● INPUT MATERIAL
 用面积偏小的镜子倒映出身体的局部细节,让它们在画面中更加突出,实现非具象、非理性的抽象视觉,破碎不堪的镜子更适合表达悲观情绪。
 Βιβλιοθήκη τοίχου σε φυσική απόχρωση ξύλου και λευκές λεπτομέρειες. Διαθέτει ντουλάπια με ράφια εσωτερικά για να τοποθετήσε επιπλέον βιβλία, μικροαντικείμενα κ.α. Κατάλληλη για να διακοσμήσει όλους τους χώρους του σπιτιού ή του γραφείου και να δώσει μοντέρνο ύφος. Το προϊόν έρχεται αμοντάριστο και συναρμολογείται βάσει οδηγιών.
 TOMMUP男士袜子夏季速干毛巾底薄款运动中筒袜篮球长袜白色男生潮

* * *

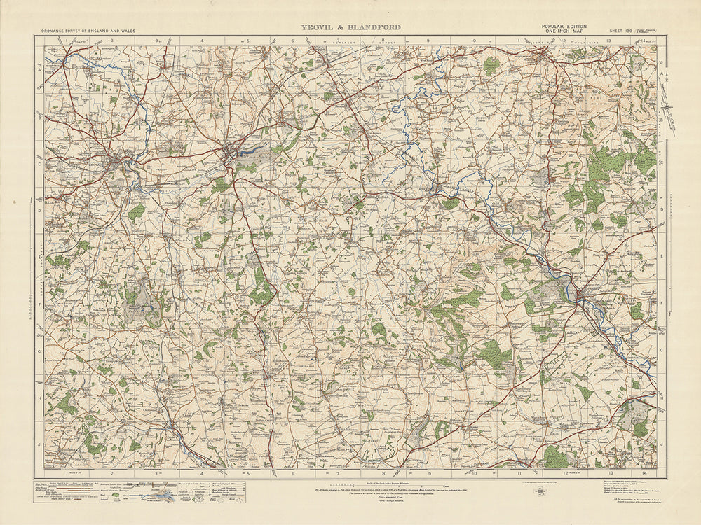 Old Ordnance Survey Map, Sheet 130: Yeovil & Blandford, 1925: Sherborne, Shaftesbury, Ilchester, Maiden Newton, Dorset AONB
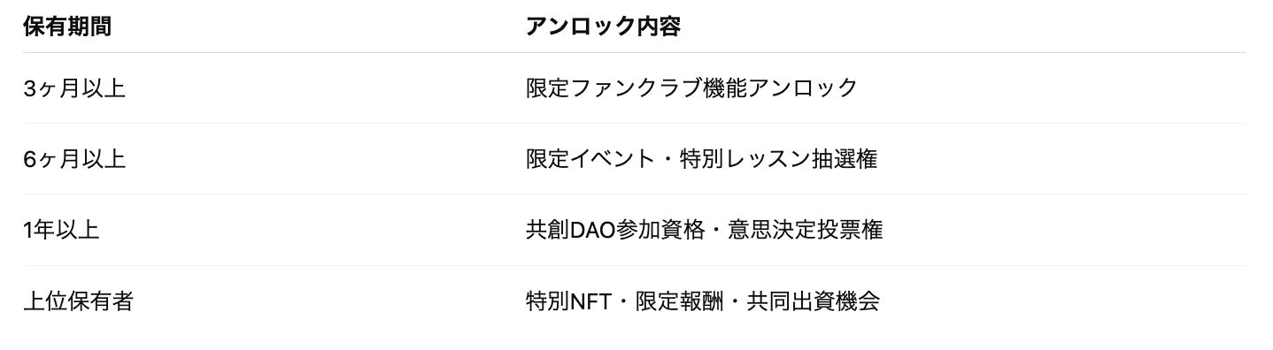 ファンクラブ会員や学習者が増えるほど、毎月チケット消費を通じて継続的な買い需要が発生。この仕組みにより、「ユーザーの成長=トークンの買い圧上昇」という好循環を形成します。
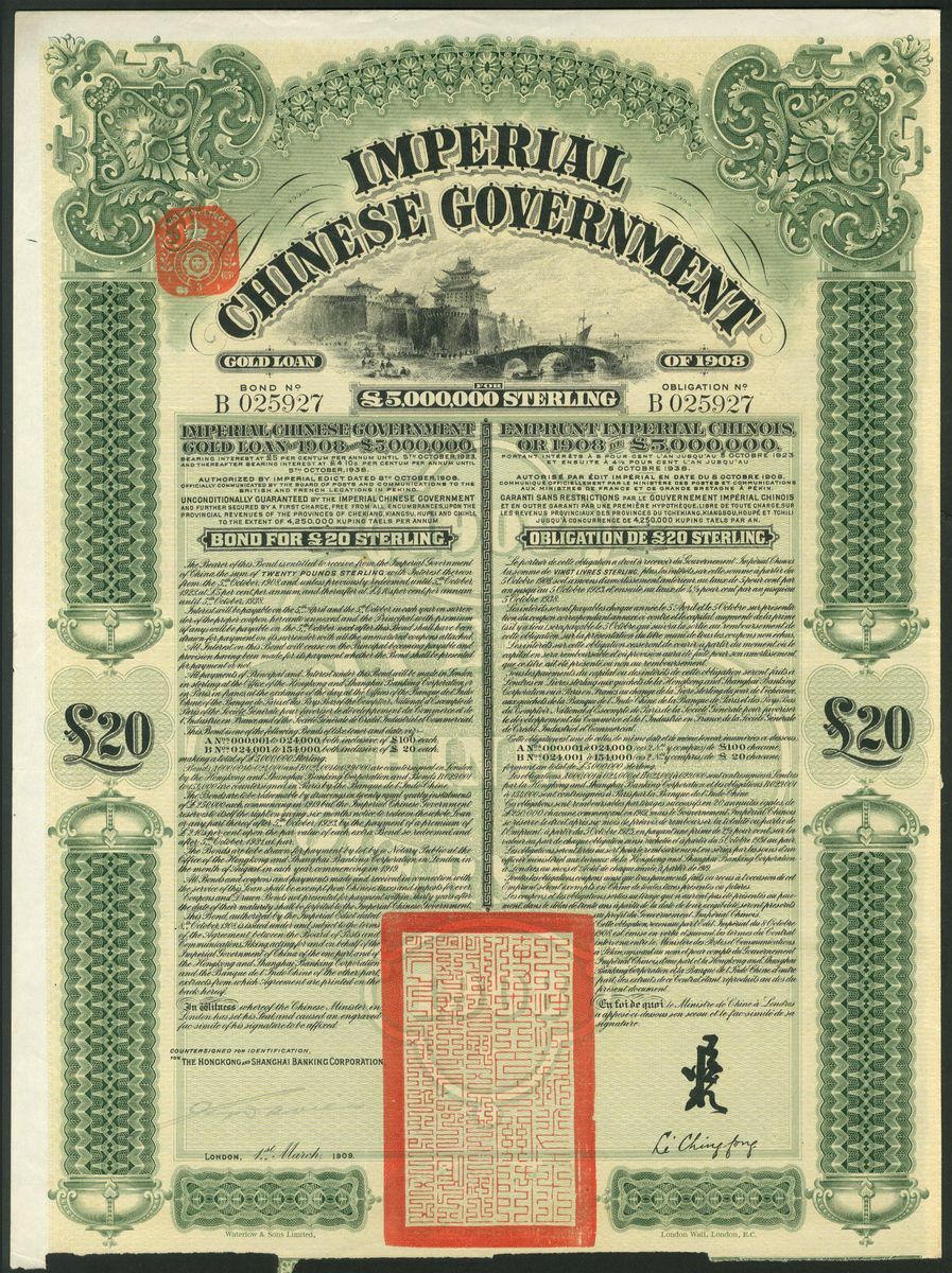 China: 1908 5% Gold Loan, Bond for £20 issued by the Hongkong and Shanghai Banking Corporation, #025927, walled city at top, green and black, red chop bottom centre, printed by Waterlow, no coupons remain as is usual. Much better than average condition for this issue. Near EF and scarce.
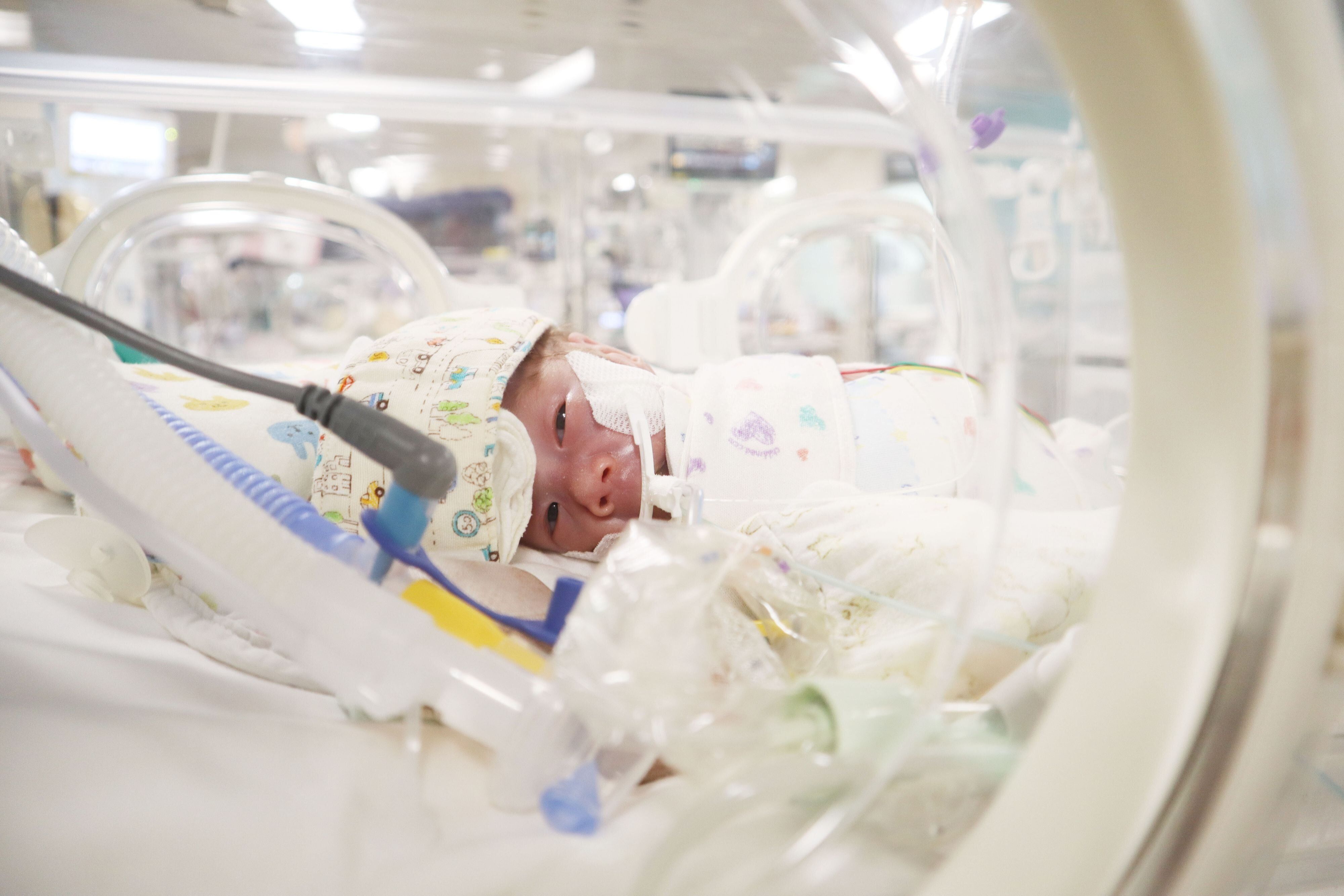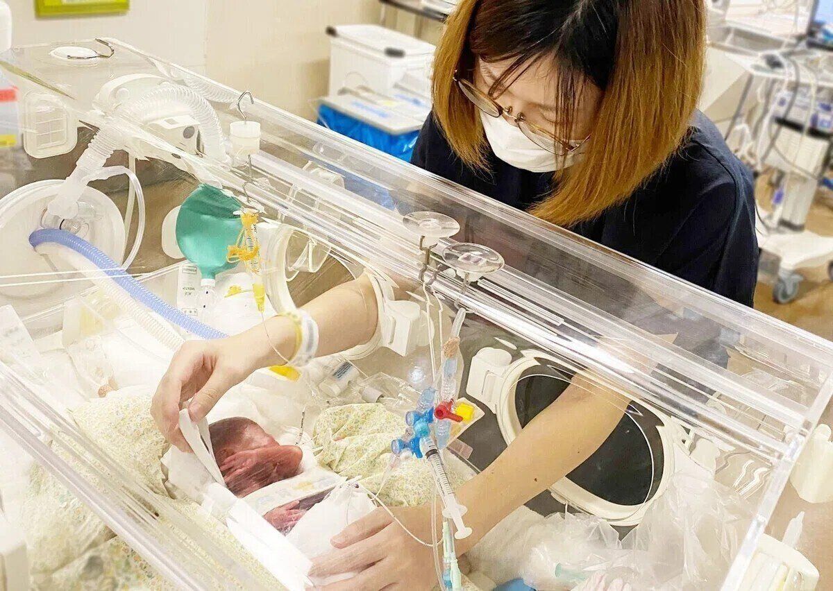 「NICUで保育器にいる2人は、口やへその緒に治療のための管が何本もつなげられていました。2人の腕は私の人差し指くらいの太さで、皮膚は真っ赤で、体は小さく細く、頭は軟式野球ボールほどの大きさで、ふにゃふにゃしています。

● WORK TO COMPLETE
Reproduce word for word the material above, starting with the line that has "Βιβλιοθήκη τοίχου σε" and stopping after the line that has "TOMMUP男士袜子夏季速干毛巾底薄款运动中筒袜篮球长袜白色男生潮".

● WRITTEN ANSWER
 Βιβλιοθήκη τοίχου σε φυσική απόχρωση ξύλου και λευκές λεπτομέρειες. Διαθέτει ντουλάπια με ράφια εσωτερικά για να τοποθετήσε επιπλέον βιβλία, μικροαντικείμενα κ.α. Κατάλληλη για να διακοσμήσει όλους τους χώρους του σπιτιού ή του γραφείου και να δώσει μοντέρνο ύφος. Το προϊόν έρχεται αμοντάριστο και συναρμολογείται βάσει οδηγιών.
 TOMMUP男士袜子夏季速干毛巾底薄款运动中筒袜篮球长袜白色男生潮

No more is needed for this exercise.